▶ [DATA PROVIDED]
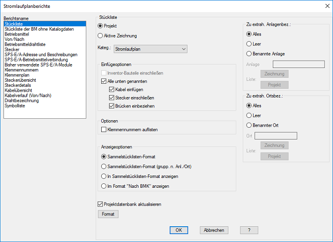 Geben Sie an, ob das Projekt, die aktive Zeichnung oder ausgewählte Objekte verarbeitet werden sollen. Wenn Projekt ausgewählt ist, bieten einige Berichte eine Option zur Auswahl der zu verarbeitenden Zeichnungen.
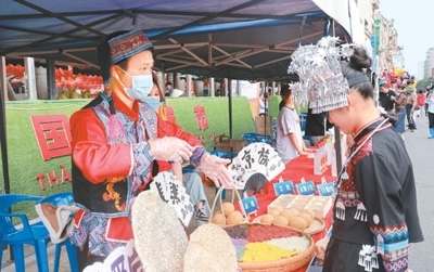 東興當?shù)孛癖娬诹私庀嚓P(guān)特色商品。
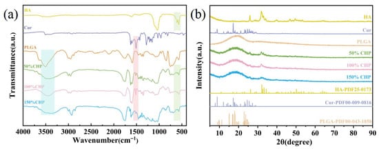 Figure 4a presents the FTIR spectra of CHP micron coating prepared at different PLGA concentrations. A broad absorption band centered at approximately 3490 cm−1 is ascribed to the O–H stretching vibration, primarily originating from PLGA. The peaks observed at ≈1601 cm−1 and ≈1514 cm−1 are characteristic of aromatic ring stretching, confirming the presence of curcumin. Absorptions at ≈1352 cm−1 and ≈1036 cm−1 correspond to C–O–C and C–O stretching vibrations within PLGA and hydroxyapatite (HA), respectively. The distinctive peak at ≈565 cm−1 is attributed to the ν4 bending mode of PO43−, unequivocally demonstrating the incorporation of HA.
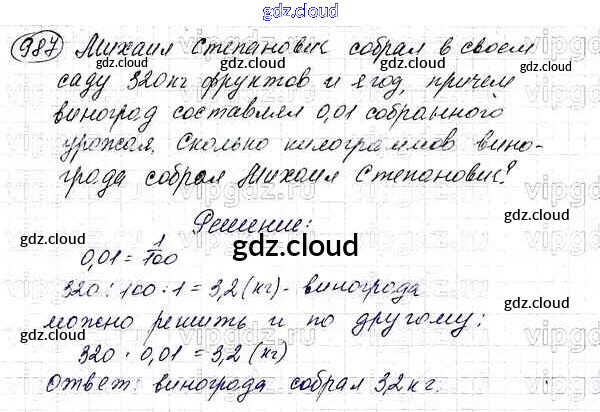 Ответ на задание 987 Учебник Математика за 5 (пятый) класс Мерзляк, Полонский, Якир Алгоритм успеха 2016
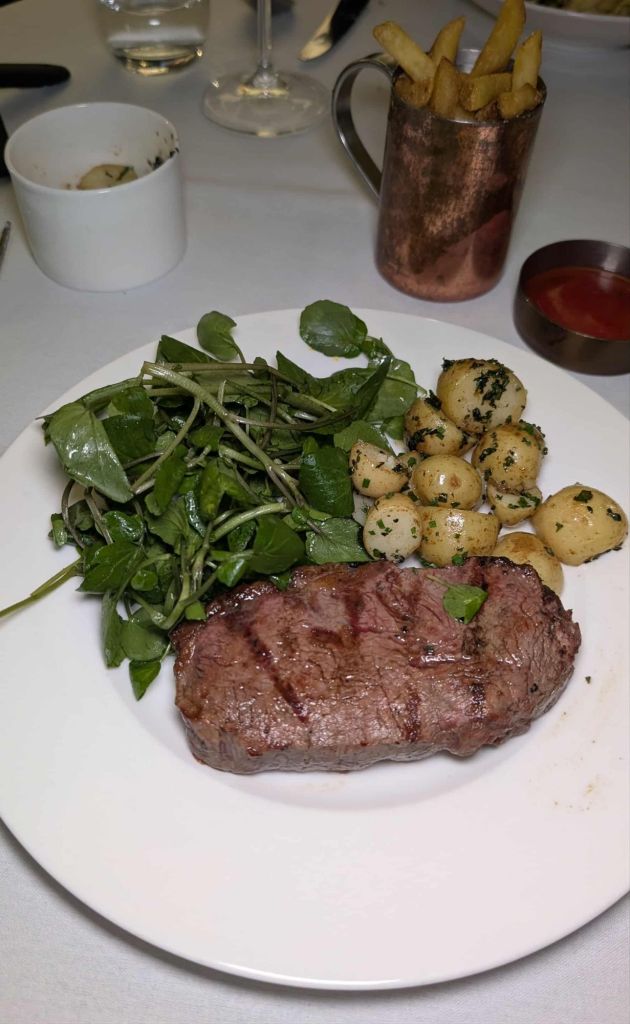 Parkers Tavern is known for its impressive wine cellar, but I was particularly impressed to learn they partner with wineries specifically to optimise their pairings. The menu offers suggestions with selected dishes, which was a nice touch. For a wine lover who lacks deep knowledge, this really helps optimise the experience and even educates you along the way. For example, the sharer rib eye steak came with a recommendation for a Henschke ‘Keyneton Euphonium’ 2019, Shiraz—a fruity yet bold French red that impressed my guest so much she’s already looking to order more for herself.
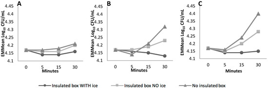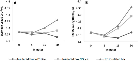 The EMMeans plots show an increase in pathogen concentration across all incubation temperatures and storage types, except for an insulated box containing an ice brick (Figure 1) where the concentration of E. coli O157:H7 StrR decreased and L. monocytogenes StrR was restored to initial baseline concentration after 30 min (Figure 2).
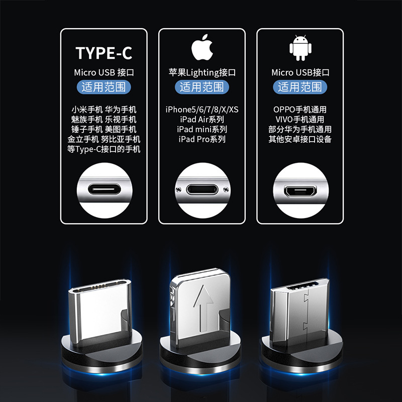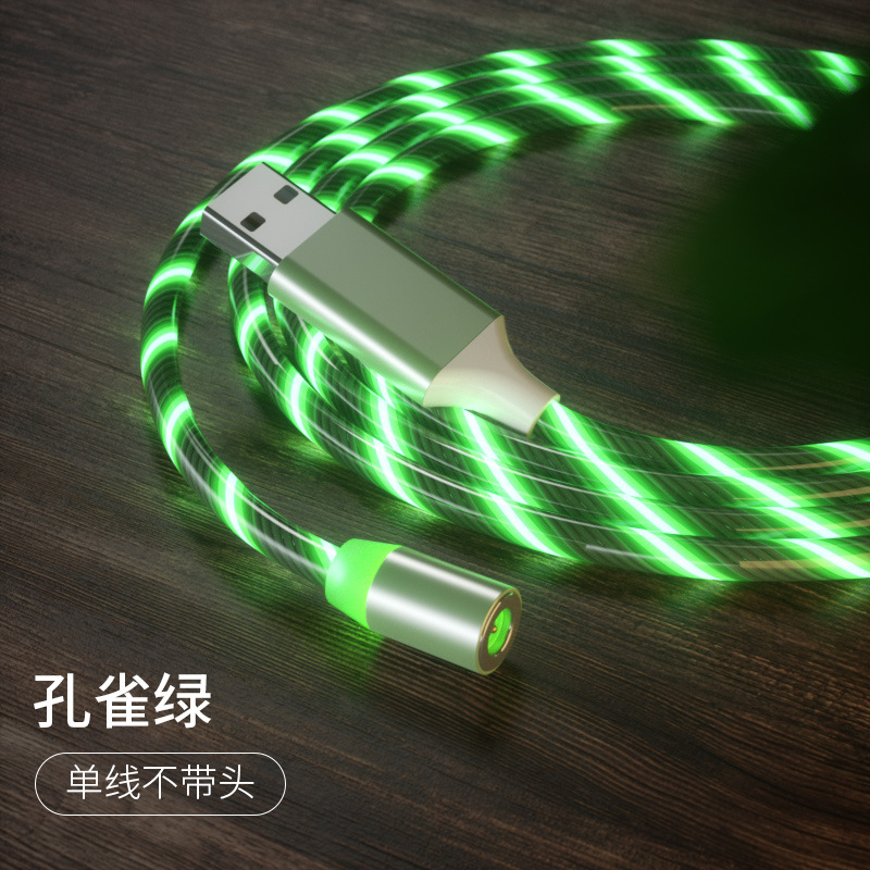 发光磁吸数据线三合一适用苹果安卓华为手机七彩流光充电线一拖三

▶ [EXERCISE BRIEF]
Copy exactly, and only, the lines from the first line of the material through the line that contains "東興當?shù)孛癖娬诹私庀嚓P(guān)特色商品。", both ends kept; no pictures.

▶ [SOLVED EXERCISE]
 Geben Sie an, ob das Projekt, die aktive Zeichnung oder ausgewählte Objekte verarbeitet werden sollen. Wenn Projekt ausgewählt ist, bieten einige Berichte eine Option zur Auswahl der zu verarbeitenden Zeichnungen.
 東興當?shù)孛癖娬诹私庀嚓P(guān)特色商品。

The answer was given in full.